Но, зная, что право и закон на его стороне, отец не считал возможным сделать это: он жил по своему, более строгому закону совести и чести.
Он отдал своим кредиторам все, что имел: две лавки с товарами и ценный дом, – и остался без всяких средств к жизни.
Репутация отца как купца была так честна и стояла так высоко, поведение его при прекращении торговли было так безукоризненно, что – редчайший случай в истории московского купечества – у кредиторов не возникло даже мысли объявить отца несостоятельным должником. Старый царский закон знал три вида несостоятельности: «злостное банкротство», «несостоятельность по злой воле» Островский изобразил в комедии «Свои люди – сочтемся!» (первоначально называвшейся «Банкрот»). Это было преступление, караемое тюрьмой. Несостоятельность «по неосторожности» не была преступлением, но бросала тень на «неосторожного» как на плохого дельца, с которым нельзя иметь дело. Несостоятельность «по несчастью» не бросала такой тени, но какой-то оттенок жалости и убожества все-таки приобретал тот, кто был объявлен «несчастным должником», и во всяком случае, и ему, как и «неосторожному», если не пресекались, то затруднялись пути к коммерческой деятельности.

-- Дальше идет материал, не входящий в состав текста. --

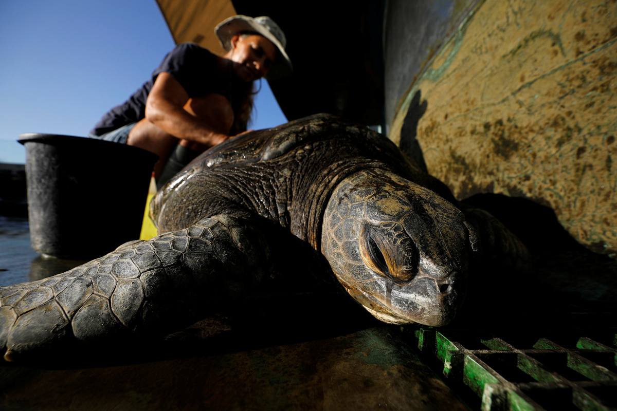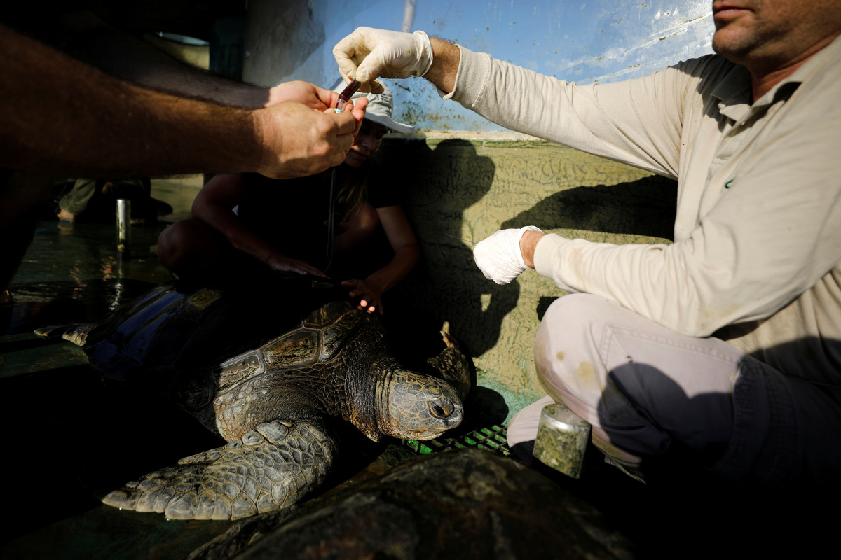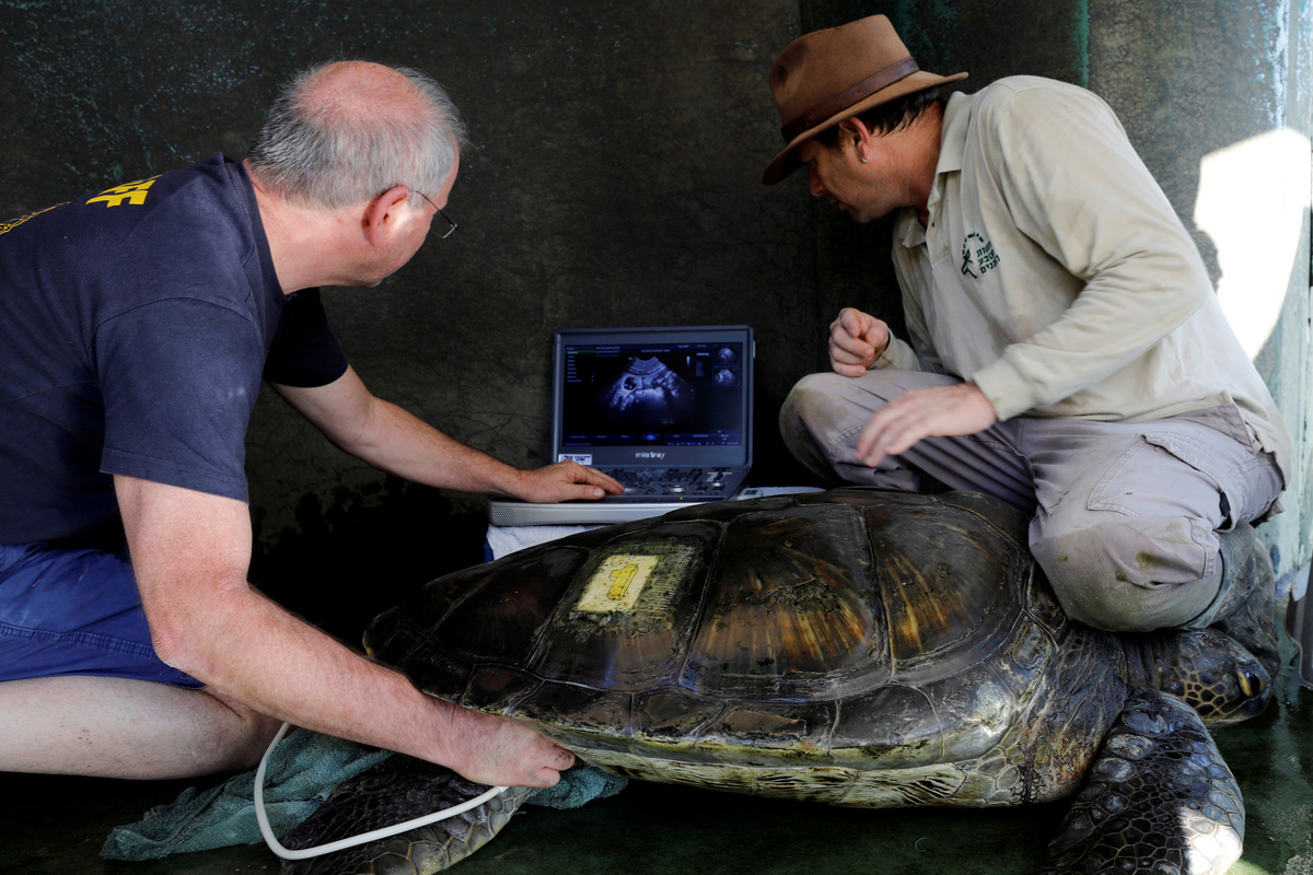 Newly-hatched baby sea turtles make their way into the Mediterranean Sea for the first time, as part of the Israeli Sea Turtle Rescue Center's conservation programme, at a beach near Mikhmoret north of Tel Aviv, Israel September 9, 2019.REUTERS/Amir CohenA veterinarian performs an ultrasound scan on a female green sea turtle as part of a conservation programme at the Israeli Sea Turtle Rescue Center, in Mikhmoret north of Tel Aviv, Israel September 23, 2019. REUTERS/Amir CohenA green sea turtle is seen at the Israeli Sea Turtle Rescue Center, in Mikhmoret north of Tel Aviv, Israel September 23, 2019. REUTERS/Amir CohenA green sea turtle is seen next to a researcher at the Israeli Sea Turtle Rescue Center, in Mikhmoret north of Tel Aviv, Israel September 23, 2019. REUTERS/Amir CohenResearchers perform blood tests on a green sea turtle as part of a conservation programme at the Israeli Sea Turtle Rescue Center, in Mikhmoret north of Tel Aviv, Israel September 23, 2019. REUTERS/Amir CohenChildren hold newly-hatched baby sea turtles born at a protective nesting site set-up as part of the Israeli Sea Turtle Rescue Center's conservation programme, at a beach near Mikhmoret north of Tel Aviv, Israel September 9, 2019. REUTERS/Amir CohenTwo green sea turtles touch heads at the Israeli Sea Turtle Rescue Center, in Mikhmoret north of Tel Aviv, Israel September 23, 2019. REUTERS/Amir CohenA volunteer looks at a sea turtle nest inside a fenced-off protective nesting site, set-up as part the Israeli Sea Turtle Rescue Center's conservation programme, at a Mediterranean beach near Mikhmoret, north of Tel Aviv, Israel September 9, 2019. REUTERS/Amir CohenA sea turtle hatchling emerges from the sand as it comes out of its nest inside a fenced-off protective nesting site, set-up as part the Israeli Sea Turtle Rescue Center's conservation programme, at a Mediterranean beach near Mikhmoret, north of Tel Aviv, Israel September 9, 2019. REUTERS/Amir CohenA child holds a newly-hatched baby sea turtle born at a protective nesting site set-up as part of the Israeli Sea Turtle Rescue Center's conservation programme, at a beach near Mikhmoret north of Tel Aviv, Israel September 9, 2019. REUTERS/Amir CohenYaniv Levi, manager of the Israeli Sea Turtle Rescue Center, looks at egg shells from newly-hatched baby sea turtles in a fenced-off protective nesting site, set-up as part the center's conservation programme, at a Mediterranean beach near Mikhmoret, north of Tel Aviv, Israel September 9, 2019.REUTERS/Amir CohenA green sea turtle is surrounded by lettuce as it swims in a pool at the Israeli Sea Turtle Rescue Center, in Mikhmoret north of Tel Aviv, Israel September 23, 2019. REUTERS/Amir CohenA newly-hatched baby sea turtle makes its way into the Mediterranean Sea for the first time, as part of the Israeli Sea Turtle Rescue Center's conservation programme, at a beach near Mikhmoret north of Tel Aviv, Israel September 9, 2019. REUTERS/Amir CohenA researcher draws blood from a green sea turtle as part of a conservation programme at the Israeli Sea Turtle Rescue Center, in Mikhmoret north of Tel Aviv, Israel September 23, 2019. REUTERS/Amir CohenA general view shows a fenced-off protective nesting site for sea turtles, set-up as part the Israeli Sea Turtle Rescue Center's conservation programme, at a Mediterranean beach near Mikhmoret, north of Tel Aviv, Israel September 9, 2019. REUTERS/Amir Cohen

На отца не легло даже и этого оттенка «несчастности». По делам его не было учреждено «конкурсного управления», как это обычно делалось в те времена. Была учреждена лишь небольшая контора по ликвидации его дела, и отец сам был главным ее работником: кредиторы отлично знали, что он отдаст им последний грош. И он действительно отдал им этот грош: он не остался никому ничего должен.

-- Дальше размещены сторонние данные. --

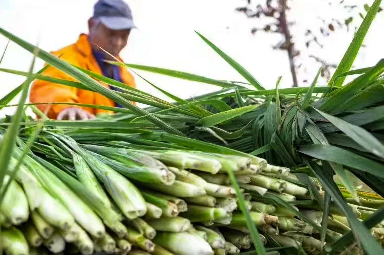 练塘,因地势低洼、水资源丰富、水质好、污染少等得天独厚的生态环境,成为“水八仙”之茭白的优势生产区,素有“华东茭白第一镇”的美誉。练塘茭白口感鲜嫩、爽脆,广受市场认可、市民青睐,是上海地区首个荣获国家地理标志产品保护的蔬菜品种,因富含营养、口感绝佳,素有“水中人参”的美称,是练塘的一张特色名片。据了解,今年练塘茭白种植面积约为1.3万亩,全年种植亩次保持在2.5万亩次左右,预计总产量约5.5万吨。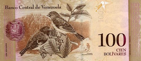 ВенесуэльБоливар Фуэрте. Купюра номиналом в 100 VEF, реверс.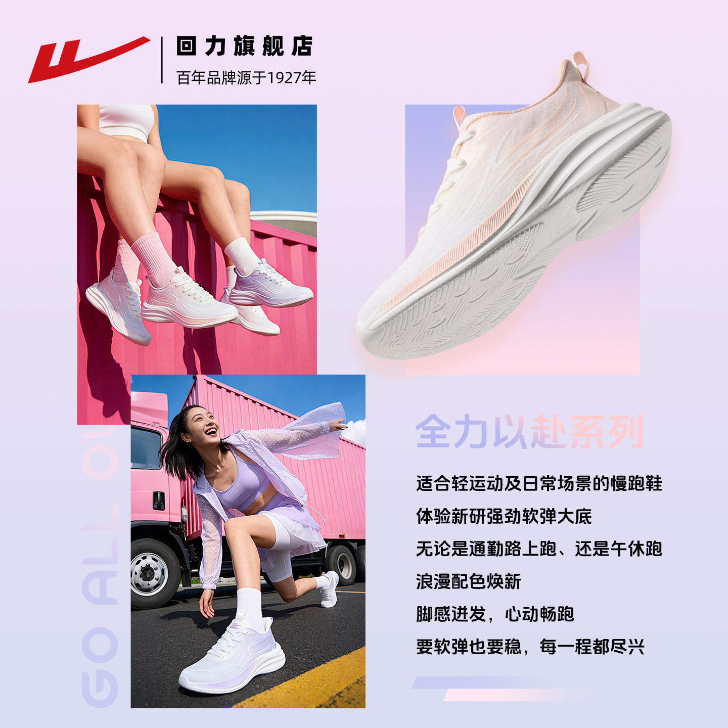 回力运动鞋女2026春夏耐磨止滑跑步鞋轻便减震回弹女鞋子初中学生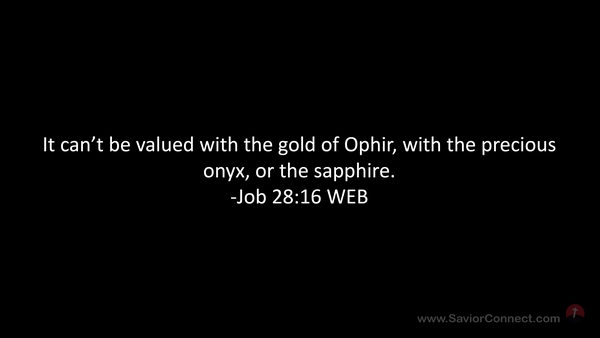 It can’t be valued with the gold of Ophir, with the precious onyx, or the sapphire. -Job 28:16 WEB

Но сам 65-летний старик с двумя малолетними детьми был разорен до конца и остался с горьким сознанием, что никто из близких не подал ему руку помощи[139]
.Могли ли сыновья подать ему ее?
Не прошло и года со дня смерти отца, как Александр Николаевич открыл в модном центре торговой Москвы, в Александровском пассаже, свой мануфактурный магазин. Не знаю, совесть или что другое внушило ему мысль открыть магазин не под своей фамилией, а «З. Н. Мясняев и К°». Этот «Мясняев» был не кто иной, как племянник отца, также служивший у него в приказчиках. У него так же, как у Александра Николаевича, не нашлось средств помочь дяде, но нашлись откуда-то средства открыть большое коммерческое дело. Кстати сказать, дело это не процвело – и оба его хозяина через недолгое время превратились в приказчиков.
Отец остался без копейки денег,
Но случилось то, чего отец не ожидал: старшие дети, жившие с ним в доме, в их числе и будущий содержатель магазина и помощник Плевако, все до одного и до одной, целым караваном оставили отчий дом, покинув отца раз и навсегда. Он прожил после отъезда детей еще полтора года, но не получил от них за это время никакой помощи.
Отец опять, как при страшном слове второго сына, не поднял на них руки с проклятием. Он отпустил этих Реган и Гонерилий с миром, он отдал им все, что было в их комнатах[141]
; все, до «Божия милосердия» включительно.Последняя надежда отца была уничтожена. Он мог считать, что весь многолетний труд его воспитания этих дочерей и сыновей короля Лира пропал втуне. Но он не сошел с ума, как Лир.
На 66-м году жизни он собирался заново начать свой старый труд – поступить на место в какую-нибудь шелковую фирму.
Но его уже поджидала тяжелая болезнь и смерть.
Свои именины на вешнего Николу он впервые за много лет встречал не в своем доме, не на террасе, выходящей в сад, благоухающий весенним первоцветом вишен и яблонь. Он встречал своего Николу тяжело больной в тесной комнате маленькой квартирки в шумном и пыльном Переведеновском переулке. Он приобщался в этот день Святых Тайн.
Были ли у него в этот день Реганы и Гонерильи с поздравлениями, я не помню; может быть, и были, но Корделии среди них не было. Отца навестил в этот день бывший его приказчик Галкин и подарил ему 25 рублей.
– Спасибо тебе, Николай Алексеевич, – сказал ему отец со слезами и нагнулся к его уху. – Стыдно мне сказать, а я отдал вчера на расход последние 5 рублей. Больше нет ничего.
А через пять дней, 14 мая, отец, пожелавший по какому-то неясному устремлению перейти в мою комнату, на мою кровать, на моих глазах отдал Богу душу. Мне не забыть его последнего взора тоски и любви, устремленного на меня.
Мне было 12 лет. Это была первая смерть, произошедшая на моих глазах. Но она не устрашила меня. В лице отца и в его последних вздохах была усталость и покорность человека, дождавшегося заслуженного успокоения.
Я позвал маму. Она, сдерживая себя, наклонилась над отцом.